[[ Provided material, beginning ]]
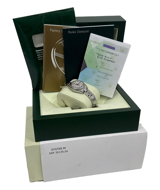 PAPERS Rolex DateJust 26mm FACTORY ROSE MOP DIAMOND 18K Steel Oyster 179174 BOX
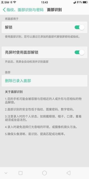目前大热的面部识别功能同样加入在ColorOS 3.2之中。通过摄像头智能采集128个特征点进行快速准确的面部识别。解锁速度最快达到0.08s,无论寒冷冬季还是湿手操作都不在成文手机解锁的困扰。
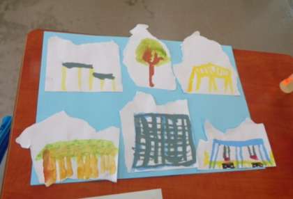 まず画用紙を破いて、破いたあとの形から学校の中の「お気に入り」を見つけて描く、というとてもユニークな題材です。
[[ Provided material, end ]]
**Problem to work on:**
The entire listing is to be printed exactly, with each picture omitted.

**Answer box:**
 PAPERS Rolex DateJust 26mm FACTORY ROSE MOP DIAMOND 18K Steel Oyster 179174 BOX
目前大热的面部识别功能同样加入在ColorOS 3.2之中。通过摄像头智能采集128个特征点进行快速准确的面部识别。解锁速度最快达到0.08s,无论寒冷冬季还是湿手操作都不在成文手机解锁的困扰。
 まず画用紙を破いて、破いたあとの形から学校の中の「お気に入り」を見つけて描く、というとてもユニークな題材です。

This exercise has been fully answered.